TASK GOAL | Starting at the line that contains "霧島温泉郷の中心にある「霧島", repeat each line of the listing below through the last one, exactly, and leave out every picture.

GIVEN MATERIAL |

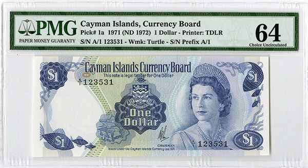 Cayman Islands, 1 Dollar, P-1a, PMG graded Choice Uncirculated 64, TDLR.
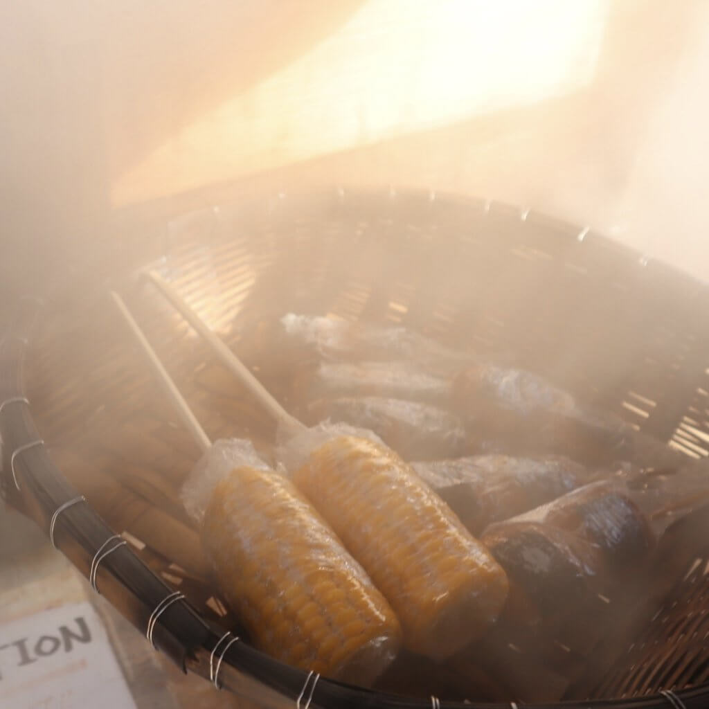 霧島温泉郷の中心にある「霧島温泉市場」の広場では、足湯や、温泉の蒸気で蒸した卵や野菜などが販売されています。
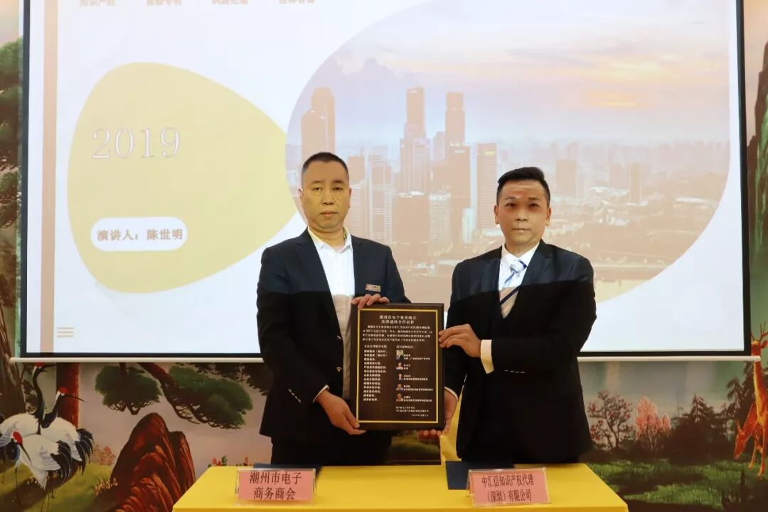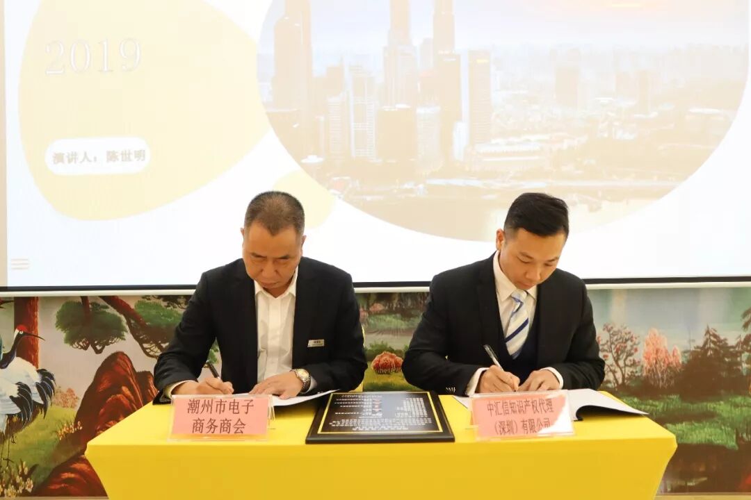潮州市电子商务商会与中汇信知识产权代理(深圳)有限公司签约法律战略合作伙伴和授牌仪式。

FINISHED EXERCISE |
 霧島温泉郷の中心にある「霧島温泉市場」の広場では、足湯や、温泉の蒸気で蒸した卵や野菜などが販売されています。
潮州市电子商务商会与中汇信知识产权代理(深圳)有限公司签约法律战略合作伙伴和授牌仪式。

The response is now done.